Spear-wielding chimps snack on skewered bushbabies

Thursday, February 22nd, 2007

Spear-wielding chimps snack on skewered bushbabies:

Many chimpanzees trim twigs to use for ant-dipping and termite-fishing. But a population of savannah chimps (Pan troglodytes verus) living in the Fongoli area of south-east Senegal have been seen making spears from strong sticks that they sharpen with their teeth. The average spear length is 63 centimetres (25 inches), says Jill Pruetz at Iowa State University in Ames, US, who observed the behaviour.

And the method of procuring food with these tools is not simply extractive, as it is when harvesting insects.

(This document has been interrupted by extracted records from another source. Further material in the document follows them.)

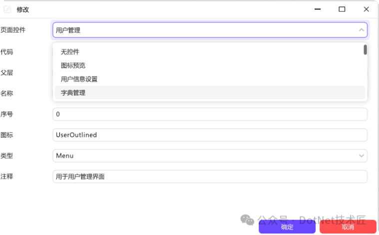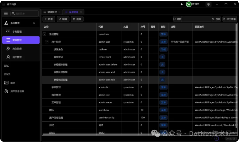菜單管理:實現菜單的增刪改查,支持自定義頁面控件和樣式。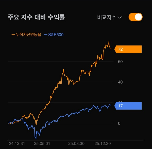 올해 수익은 KOSPI와 비슷한 수준의 수익을 냈고 S&P500보다는 상당한 차이를 보여주는 수익이 났습니다.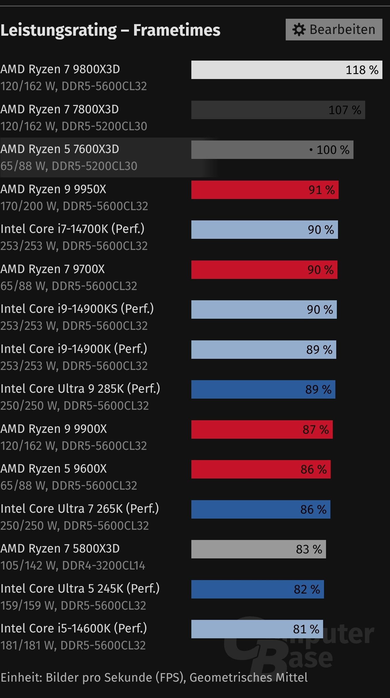 Ich will den 7600X3D nicht schlecht reden, ich habe die CPU selbst schon häufig für Systeme empfohlen, bei denen Gaming im Fokus steht und auch selbst schon 2x verbaut und getestet. In diesem konkreten Fall würde ich dem TE jedoch empfehlen eine CPU der aktuellen Generation zu kaufen, d.h. AMD Ryzen 9000 oder Intel Core Ultra. Der 3D ist als Zusatzoption zu sehen und kostet einen fetten Aufpreis, ohne einen Vorteil in Anwendungen zu bringen.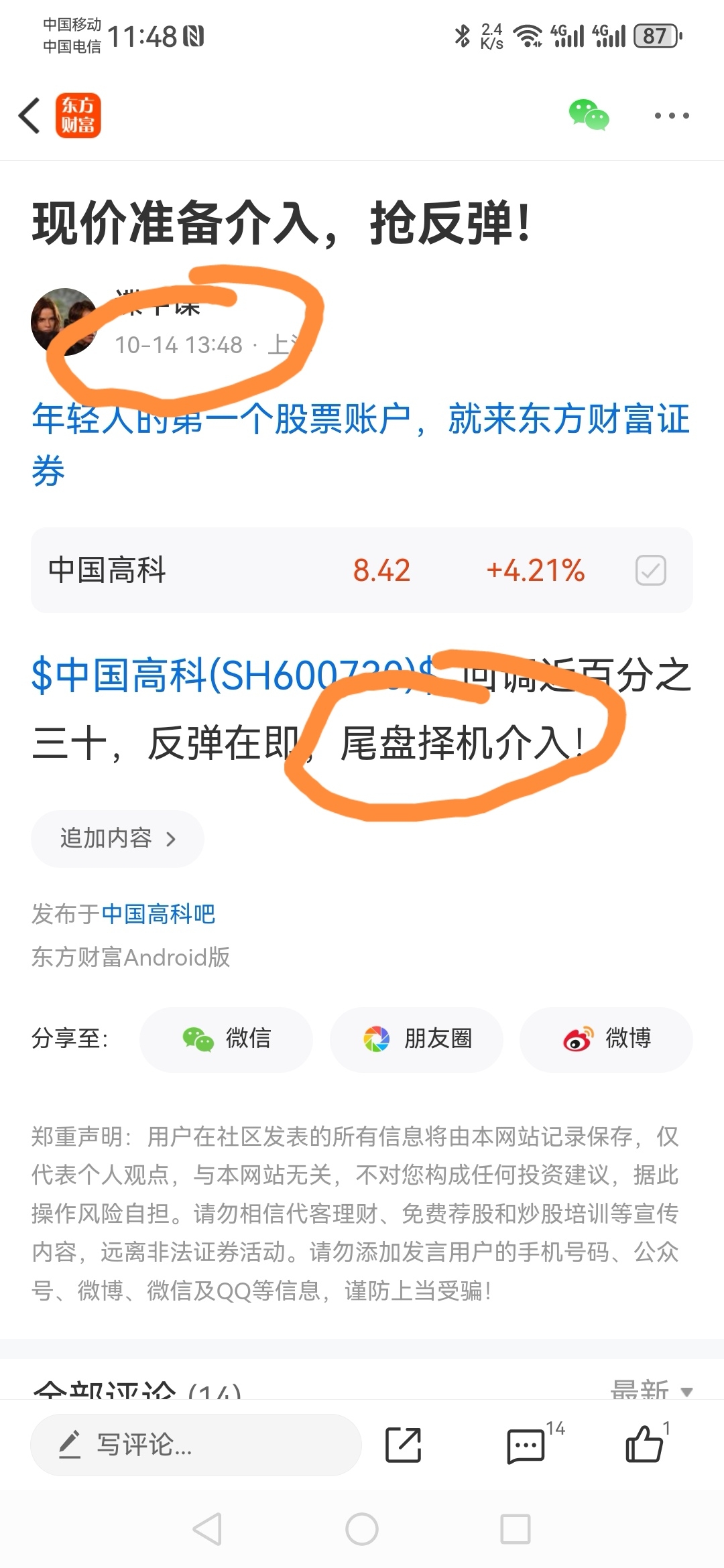 $光洋股份(SZ002708)$ $中国高科(SH600730)$ $吉峰科技(SZ300022)$ 今日上午光洋走势较弱,基本上在水下波动,上午最低已到我设定买入价位,尾盘择机准备买入,希望不要再象昨日上午发帖那样准备在8.60附近买入吉峰那样,到了8.63后立马拉升了,收盘8.90元,尾盘只好就进了600730,昨预测第一目标位已到,先出一部分。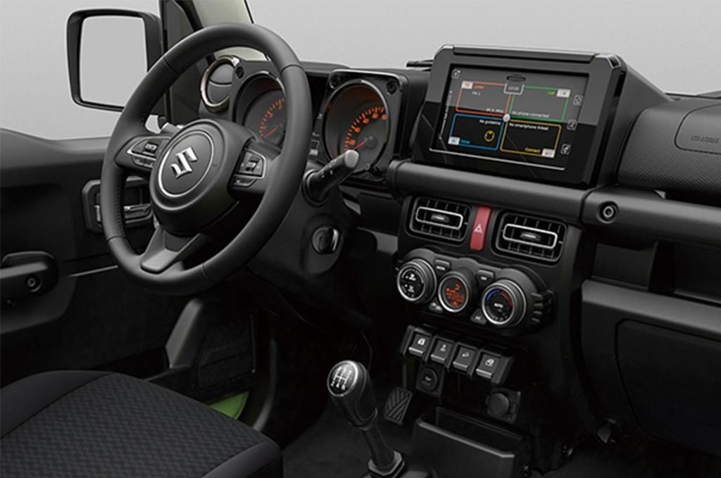 Kot resnično posebnost velja omeniti izbor posebnih karoserijskih barv, ki jih v tem primeru ni pogojevala trenutna moda, temveč zavedanje, da vam bo primerna barva karoserije (takšna, ki poudari vidnost avtomobila …) ob izletih po brezpotjih morda lahko rešila življenje, če boste kje obtičali, ker bo bolje vidna v slučajih ko boste morda potrebovali reševalce ali servisno osebje. Za lovce, gozdarje in vse ostale, ki bi se radi pritajili v naravi, obstaja odtenek zelene 'kamuflažne' (Jungle Green) barve. Zelo funkcionalno in pregledno je v novem jimnyju izraženo tudi oblikovanje notranjosti, ker lahko nekoliko večja stikala upravljate tudi v primerih, ko so vaše roke obute v par delovnih rokavic. Posledično je oblikovanje izvedeno v bolj enostavnih linijah, in to v spremstvu večje količine praktično naravnane plastike, ki se lahko pohvali z veliko odpornostjo na praske, udarce in ostale morebitne poškodbe ob delovanju v bolj surovih okoljih. Ob tem je tudi novi jimny opremljen z nekaterimi varnostnimi (Dual Sensor Brake Support (DSBS)) in razvedrilno-informativnimi pripomočki (7-palčni zaslon na dotik), ki jih lahko najdemo v ostalih aktualnih serijskih modelih znamke Suzuki.

It is far more aggressive. They use the spears to hunt one of the cutest primates in Africa: bushbabies (Galago senegalensis).

Bushbabies are nocturnal and curl up in hollows in trees during the day. If disturbed during their slumbers – if their nest cavity is broken open, for example – they rapidly scamper away. It appears that the chimps have learnt a grizzly method of slowing them down.

Chimps were observed thrusting their spears into hollow trunks and branches with enough force to injure anything inside the holes, Pruetz’s research team says. The chimps used a “power grip” and made multiple downward stabs – much the same way as a human might wield a dagger.

Ten different chimps in the population were observed to perform this behaviour in 22 bouts. In one case the researchers saw a chimp remove a dead bushbaby and eat it.

The Fongoli chimps inhabit a mosaic savannah – patches of grass and woodland – where there are no red colobus monkeys. The absence of these monkeys, which are the favoured prey of several other chimp populations, may explain the Fongoli chimps’ unique spear-hunting behaviour.